Семнадцатилетняя Беллатрикс зажимает тонкими пальцами родовое, а оттого не поддающееся магическим изменениям, грозящее свалиться, кольцо. Которое он никогда на ней не видел.
— Драко.
Драко оборачивается, вытаскивая уже сунутую в камин ногу, шарахаясь от незаметно подкравшегося Пьюси и рассыпая на ковёр пепел.
Его тётушка не меняет позы, оставляет руки скрещёнными, поворачиваясь к нему.
— Передай Северусу, чтобы выполнил обещание.

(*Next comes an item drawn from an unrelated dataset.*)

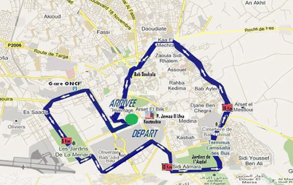 Les lignes de départ et d’arrivée sont situées sur l’avenue de MENARA. Le parcours vous permettra de courir le long des célèbres remparts de la ville. Mais aussi des arbres endémiques marocains avec des oliviers, dattiers et orangers.
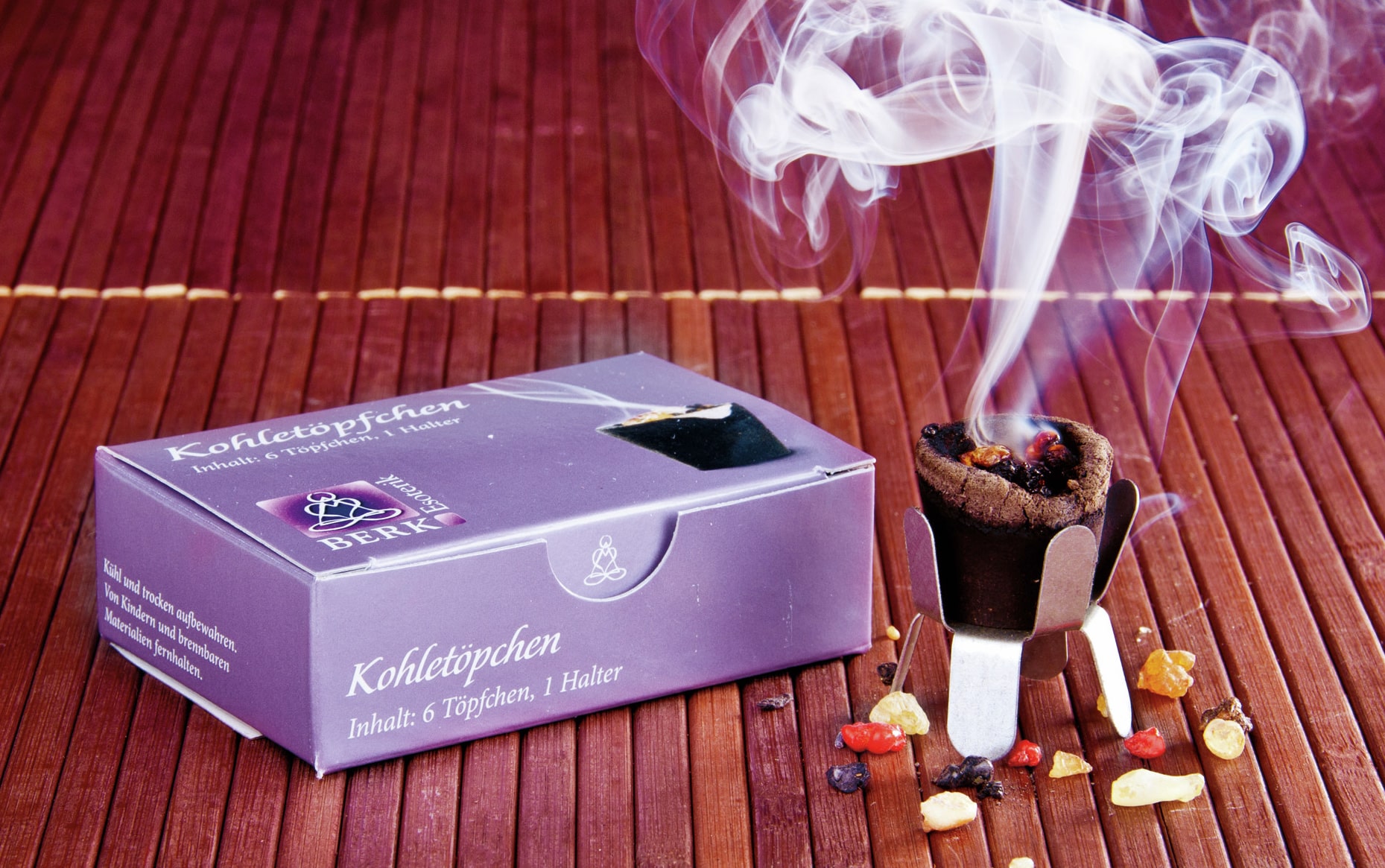 Kohletöpfchen entzünden und auf den mitgelieferten Ständer setzen, danach mit dem Räucherstoff Ihrer Wahl füllen und der Räucherspass kann beginnen.

Он пропускает это мимо ушей, вглядываясь в наполовину скрытое спутанными кудрями лицо.
Пошла к чёрту, если ей так нужно — пусть пошлёт сову.
— Ты когда-нибудь жалела?
Драко не уверен, о чём точно спрашивает: о годах, проведённых в отсыревших, промозглых, лишённых света камерах, о рухнувшем браке, возможно, о себе самом.
На её выдержанное «нет» он ухмыляется, растворяясь в пламени под треск зачарованного огня и собственного самообладания, очень надеется, что эта улыбочка останется с ней после его ухода.
* * *
Разверзшаяся после тычков палочки стена в проходе из «Дырявого котла» выплевывает его в многолюдный в преддверии гулких ударов колокола Лондон.

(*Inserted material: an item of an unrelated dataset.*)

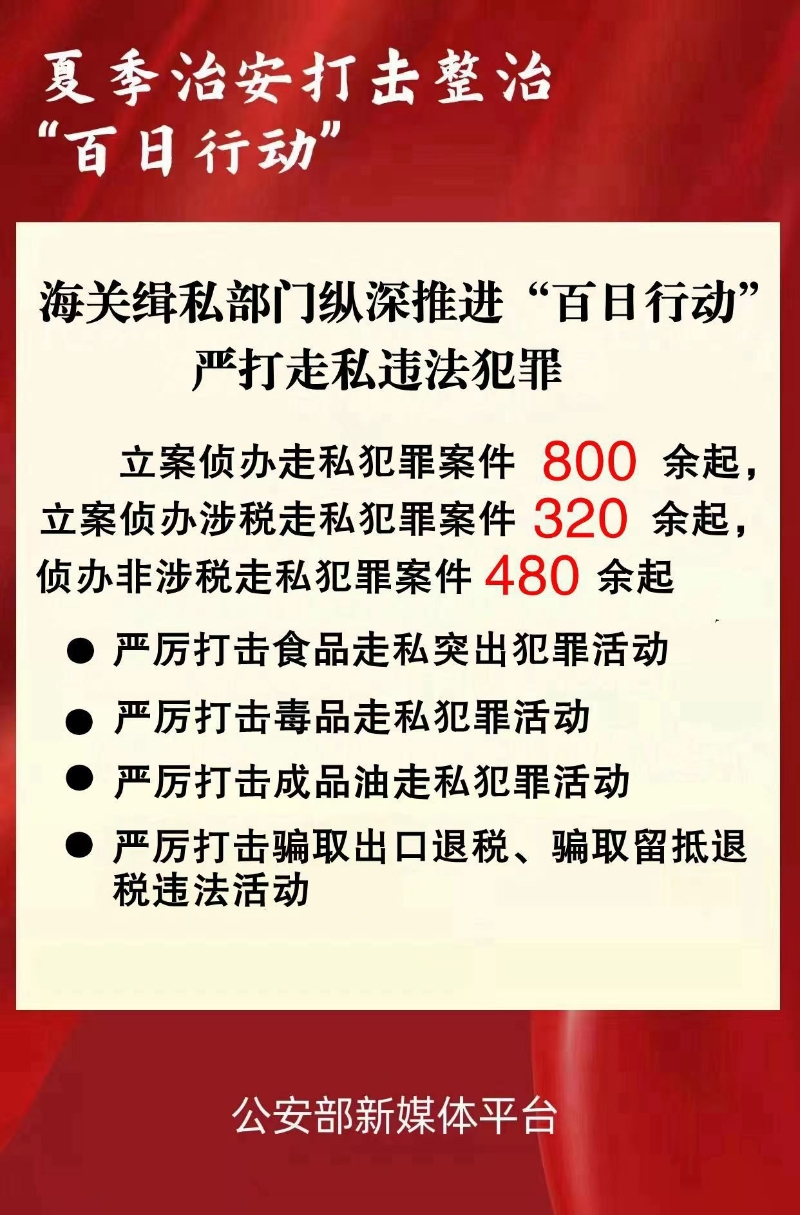 海關(guān)總署緝私局負責人表示,全國海關(guān)緝私部門將持續(xù)縱深推進“百日行動”,始終保持打擊走私高壓態(tài)勢,聯(lián)合協(xié)同各警種各部門深挖徹查走私關(guān)聯(lián)犯罪,以實實在在的打私成績切實維護國家安全和群眾利益。

В подхватившей его толпе жарко и душно от испарений растоптанного редкого снега, он совершенно не знает, куда бредёт.
Он выглядит дико. Наверняка выглядит дико, в одних рубашке и брюках, без мантии и без маскирующего заклинания. Мог бы наколдовать себе куртку или шапку, хотя бы перчатки.

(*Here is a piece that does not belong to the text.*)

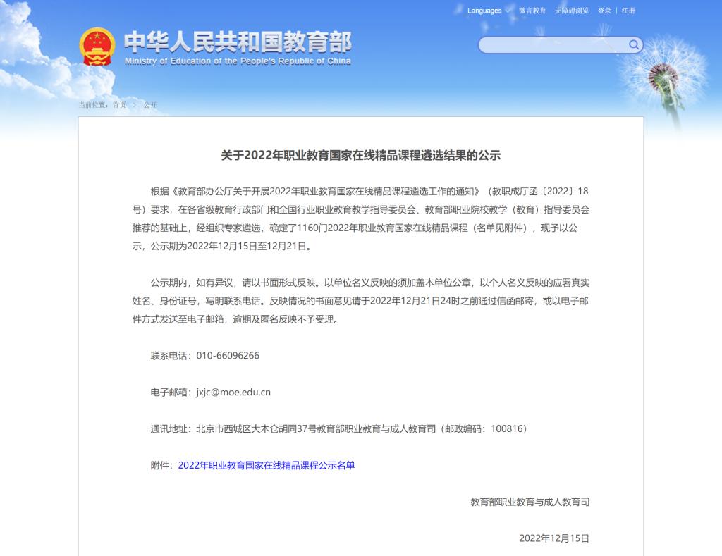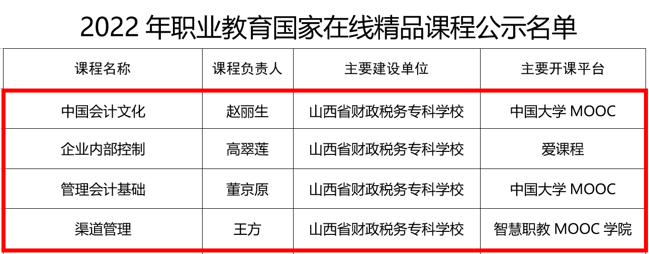 2022年12月15日,教育部公布了2022年职业教育国家在线精品课程。bat365四门课程入选,其中我院入选三门,分别是赵丽生教授主持的《中国会计文化》、高翠莲教授主持的《企业内部控制》和董京原副教授主持的《管理会计基础》,这是bat365“双高校”建设中取得的又一标志性成果。
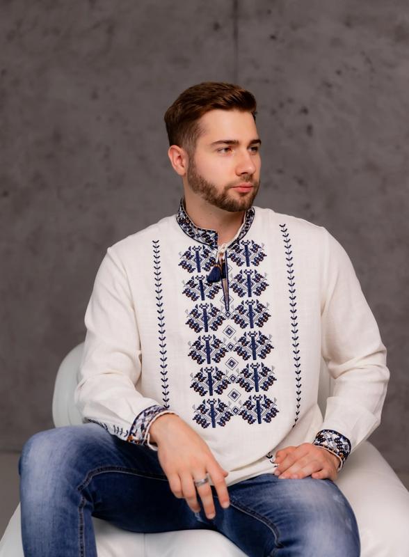 Мужская вышиванка (бежево-голубая) выполнена на натуральной ткани. Тип вышивки -гладь размер S M L XL 2XL мод.бар

Стоит ли опасаться простуды, если ваш лечащий врач, старательно изучая бумажки, сообщает вам, что неоперабельная опухоль разрослась в вашей голове до размеров сердца или сжатой в кулак ладони?
Стоит ли опасаться насморка после того, как ваша тетушка, отводя глаза, избегая конкретики, говорит вам, что собирается вас убить? О, то, что эти её ужимки, очевидно, означали, что она сделает это без удовольствия, потому что, мать твою, придётся, ни капли не скрашивает ситуацию.
Может, стоило извиниться, что подпортит лучший день в её жизни.
Не сворачивай на кривую дорожку. Ха-ха. Он ныряет в уходящий от Леденгольского рынка проулок, голень обдает паром неплотно закрытого люка.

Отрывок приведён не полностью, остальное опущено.